The other types of application the manufacturers are interested in is an alternative power source that could charge and eventually replace batteries. By combining our chips with a deliberately generated heat source such as a microburner/micro combustion device, we’re currently developing a battery charger for the US Army, and we plan to eventually roll out that out for consumer applications, and ultimately turn it into a simple battery replacement rather than charger. When our devices get to 20% conversion efficiency, we’ve estimated that, combined with a microburner, they could deliver enough power to run a laptop for 14 hours which I think a lot of people would appreciate. And the time it would take to recharge would simply be however long it takes you to refill the fuel cartridge, which would be about as long as it takes to refill a cigarette lighter.

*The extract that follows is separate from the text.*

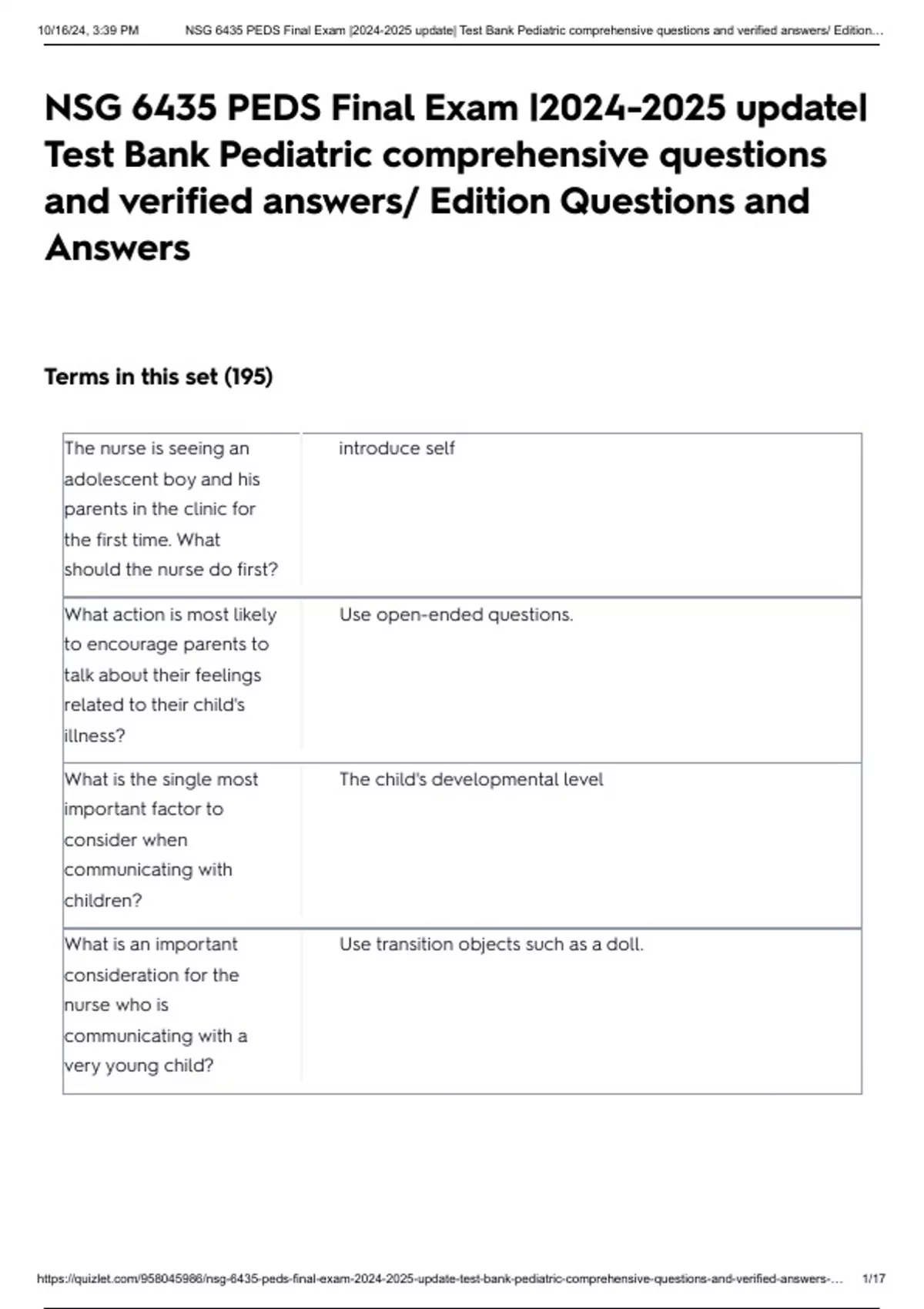 , 10/16/24, 3:39 PM NSG 6435 PEDS Final Exam |2024-2025 update| Test Bank Pediatric comprehensive questions and verified answers/ Edition…

Unfortunately, these types of application will take time to develop, due to the engineering work required and the safety issues associated with consumer products, but the interest is there.
We just need time and money to develop solutions working with the relevant manufacturers.
In Other News
Speaking of waste heat harvesting, I just found this article over at PhysOrg:
thermocell could harvest 'waste heat' - A small team of Monash University researchers ... has developed an ionic liquid-based thermocell
(abstract). The new thermocell could be used to generate electricity from low grade steam in coal fired power stations at temperatures around 130C.